Material for this task:
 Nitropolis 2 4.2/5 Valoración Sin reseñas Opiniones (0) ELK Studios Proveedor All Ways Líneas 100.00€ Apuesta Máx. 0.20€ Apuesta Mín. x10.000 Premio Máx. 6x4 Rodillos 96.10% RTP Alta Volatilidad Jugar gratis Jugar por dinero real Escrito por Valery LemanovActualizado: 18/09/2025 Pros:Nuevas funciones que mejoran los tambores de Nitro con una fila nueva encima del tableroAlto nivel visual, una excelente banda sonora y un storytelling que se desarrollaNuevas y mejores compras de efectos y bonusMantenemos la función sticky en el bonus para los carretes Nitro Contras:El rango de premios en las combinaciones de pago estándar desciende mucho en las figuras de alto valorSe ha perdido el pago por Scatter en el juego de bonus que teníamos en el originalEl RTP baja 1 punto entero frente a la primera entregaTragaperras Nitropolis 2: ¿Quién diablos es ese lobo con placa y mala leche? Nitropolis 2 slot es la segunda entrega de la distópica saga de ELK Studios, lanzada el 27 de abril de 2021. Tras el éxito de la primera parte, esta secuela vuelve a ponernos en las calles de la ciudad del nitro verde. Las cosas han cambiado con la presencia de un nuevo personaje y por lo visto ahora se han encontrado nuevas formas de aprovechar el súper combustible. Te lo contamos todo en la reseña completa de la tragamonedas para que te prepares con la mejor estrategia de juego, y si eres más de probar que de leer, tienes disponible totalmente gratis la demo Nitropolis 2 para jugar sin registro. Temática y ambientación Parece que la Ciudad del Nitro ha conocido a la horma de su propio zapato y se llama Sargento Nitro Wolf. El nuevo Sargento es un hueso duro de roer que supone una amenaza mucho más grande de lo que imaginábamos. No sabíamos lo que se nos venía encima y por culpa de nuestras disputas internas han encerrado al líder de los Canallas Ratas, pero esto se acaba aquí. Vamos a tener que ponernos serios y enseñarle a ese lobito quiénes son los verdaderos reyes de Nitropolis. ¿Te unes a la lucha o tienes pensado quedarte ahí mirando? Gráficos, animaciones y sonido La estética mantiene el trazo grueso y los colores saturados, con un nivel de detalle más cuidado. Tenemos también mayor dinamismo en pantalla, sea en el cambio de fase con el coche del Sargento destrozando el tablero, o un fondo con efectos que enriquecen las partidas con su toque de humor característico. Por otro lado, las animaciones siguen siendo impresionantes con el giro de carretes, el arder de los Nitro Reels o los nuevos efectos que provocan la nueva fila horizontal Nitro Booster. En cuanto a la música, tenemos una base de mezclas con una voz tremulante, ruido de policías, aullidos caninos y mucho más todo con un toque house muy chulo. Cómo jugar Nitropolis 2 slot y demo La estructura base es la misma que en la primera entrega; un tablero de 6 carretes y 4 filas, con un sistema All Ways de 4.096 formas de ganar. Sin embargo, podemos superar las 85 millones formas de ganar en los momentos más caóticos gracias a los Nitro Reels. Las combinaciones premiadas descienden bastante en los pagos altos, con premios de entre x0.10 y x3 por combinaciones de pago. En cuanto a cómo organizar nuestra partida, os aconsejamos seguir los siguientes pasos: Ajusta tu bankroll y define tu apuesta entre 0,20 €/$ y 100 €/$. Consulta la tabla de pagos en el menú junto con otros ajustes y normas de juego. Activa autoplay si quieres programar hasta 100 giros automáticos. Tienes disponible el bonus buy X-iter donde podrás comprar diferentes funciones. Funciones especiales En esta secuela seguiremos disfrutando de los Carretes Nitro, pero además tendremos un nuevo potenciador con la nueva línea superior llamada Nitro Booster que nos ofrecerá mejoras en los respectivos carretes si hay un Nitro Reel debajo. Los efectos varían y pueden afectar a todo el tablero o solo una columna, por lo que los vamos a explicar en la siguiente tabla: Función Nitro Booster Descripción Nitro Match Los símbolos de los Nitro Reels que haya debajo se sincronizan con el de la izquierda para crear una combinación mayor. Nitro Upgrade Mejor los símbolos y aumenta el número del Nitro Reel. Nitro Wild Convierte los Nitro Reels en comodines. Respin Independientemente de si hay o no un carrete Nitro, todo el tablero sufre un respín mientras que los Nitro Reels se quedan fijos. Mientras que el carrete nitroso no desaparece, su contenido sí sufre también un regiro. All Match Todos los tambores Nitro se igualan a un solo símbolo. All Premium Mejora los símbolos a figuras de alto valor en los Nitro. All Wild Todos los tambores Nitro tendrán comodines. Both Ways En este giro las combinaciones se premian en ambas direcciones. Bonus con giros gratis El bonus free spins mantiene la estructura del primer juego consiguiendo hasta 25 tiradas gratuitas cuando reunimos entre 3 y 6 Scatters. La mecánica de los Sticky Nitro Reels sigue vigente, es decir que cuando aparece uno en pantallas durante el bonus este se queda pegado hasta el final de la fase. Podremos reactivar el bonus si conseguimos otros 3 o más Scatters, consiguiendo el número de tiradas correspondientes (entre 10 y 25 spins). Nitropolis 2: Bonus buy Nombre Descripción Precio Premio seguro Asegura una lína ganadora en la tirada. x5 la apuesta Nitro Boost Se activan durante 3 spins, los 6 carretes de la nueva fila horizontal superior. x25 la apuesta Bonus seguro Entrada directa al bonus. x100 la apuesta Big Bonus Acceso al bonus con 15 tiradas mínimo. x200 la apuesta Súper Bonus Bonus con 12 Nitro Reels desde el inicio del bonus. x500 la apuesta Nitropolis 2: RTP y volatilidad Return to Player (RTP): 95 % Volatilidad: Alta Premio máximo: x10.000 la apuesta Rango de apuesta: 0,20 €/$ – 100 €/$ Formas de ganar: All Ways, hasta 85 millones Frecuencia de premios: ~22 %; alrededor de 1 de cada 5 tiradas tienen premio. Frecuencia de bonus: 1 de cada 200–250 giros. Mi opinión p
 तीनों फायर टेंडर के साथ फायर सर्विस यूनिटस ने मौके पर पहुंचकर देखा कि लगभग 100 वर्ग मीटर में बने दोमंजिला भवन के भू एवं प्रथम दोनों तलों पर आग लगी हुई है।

---

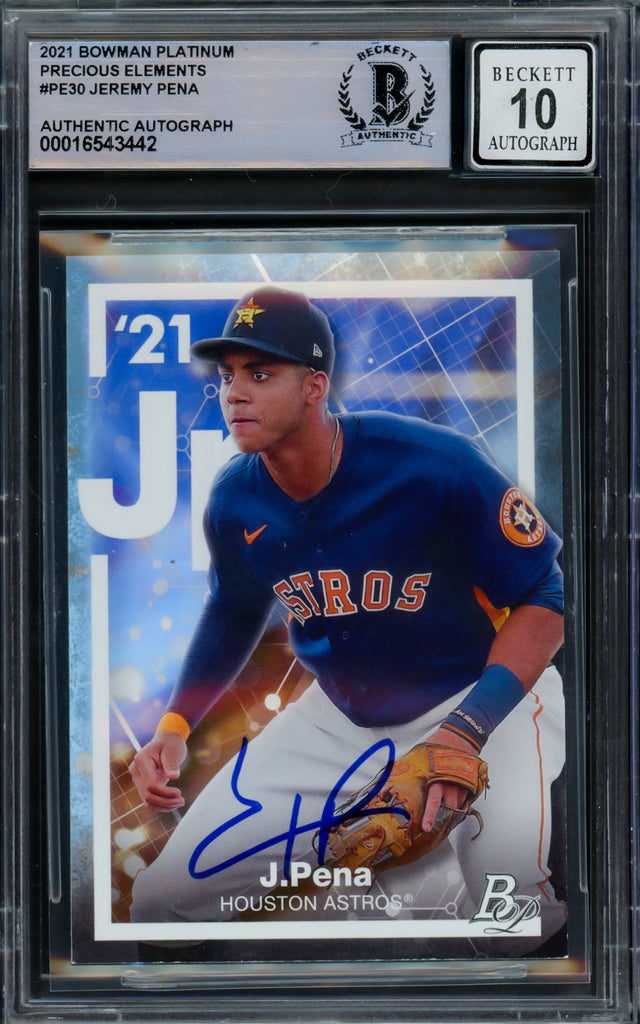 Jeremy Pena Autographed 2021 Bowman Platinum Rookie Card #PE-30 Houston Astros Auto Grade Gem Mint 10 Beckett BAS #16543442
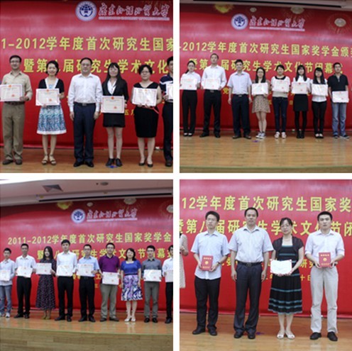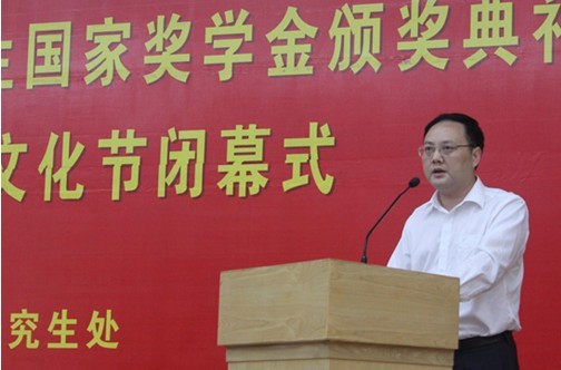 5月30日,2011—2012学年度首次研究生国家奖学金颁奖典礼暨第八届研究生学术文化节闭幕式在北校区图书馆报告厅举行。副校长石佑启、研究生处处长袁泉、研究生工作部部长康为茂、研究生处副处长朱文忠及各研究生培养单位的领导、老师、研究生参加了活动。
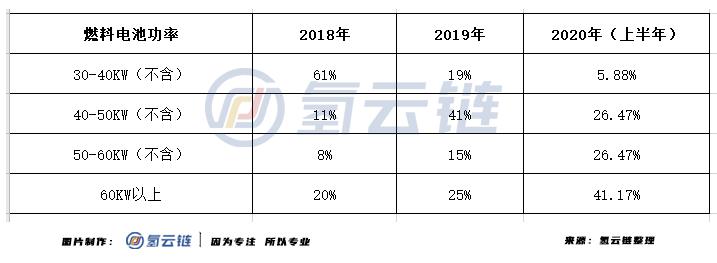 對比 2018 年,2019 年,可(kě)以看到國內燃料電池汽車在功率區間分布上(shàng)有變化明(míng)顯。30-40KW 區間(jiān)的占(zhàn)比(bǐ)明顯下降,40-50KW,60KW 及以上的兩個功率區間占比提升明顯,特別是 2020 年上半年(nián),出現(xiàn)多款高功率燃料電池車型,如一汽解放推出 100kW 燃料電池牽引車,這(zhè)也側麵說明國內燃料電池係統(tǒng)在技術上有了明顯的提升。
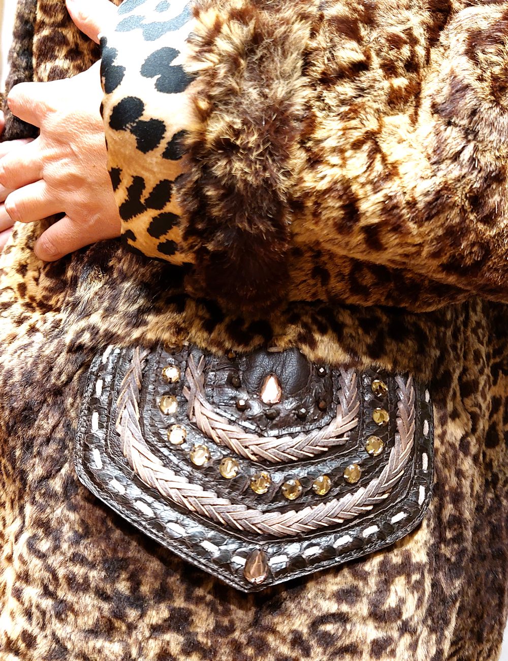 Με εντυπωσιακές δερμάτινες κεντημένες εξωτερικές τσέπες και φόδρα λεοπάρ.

Instructions to follow:
Copy only what runs above from the line containing "Jeremy Pena Autographed" through the line containing "Με εντυπωσιακές δερμάτινες", exactly. Leave out the pictures.

Task output:
 Jeremy Pena Autographed 2021 Bowman Platinum Rookie Card #PE-30 Houston Astros Auto Grade Gem Mint 10 Beckett BAS #16543442
 5月30日,2011—2012学年度首次研究生国家奖学金颁奖典礼暨第八届研究生学术文化节闭幕式在北校区图书馆报告厅举行。副校长石佑启、研究生处处长袁泉、研究生工作部部长康为茂、研究生处副处长朱文忠及各研究生培养单位的领导、老师、研究生参加了活动。
 對比 2018 年,2019 年,可(kě)以看到國內燃料電池汽車在功率區間分布上(shàng)有變化明(míng)顯。30-40KW 區間(jiān)的占(zhàn)比(bǐ)明顯下降,40-50KW,60KW 及以上的兩個功率區間占比提升明顯,特別是 2020 年上半年(nián),出現(xiàn)多款高功率燃料電池車型,如一汽解放推出 100kW 燃料電池牽引車,這(zhè)也側麵說明國內燃料電池係統(tǒng)在技術上有了明顯的提升。
 Με εντυπωσιακές δερμάτινες κεντημένες εξωτερικές τσέπες και φόδρα λεοπάρ.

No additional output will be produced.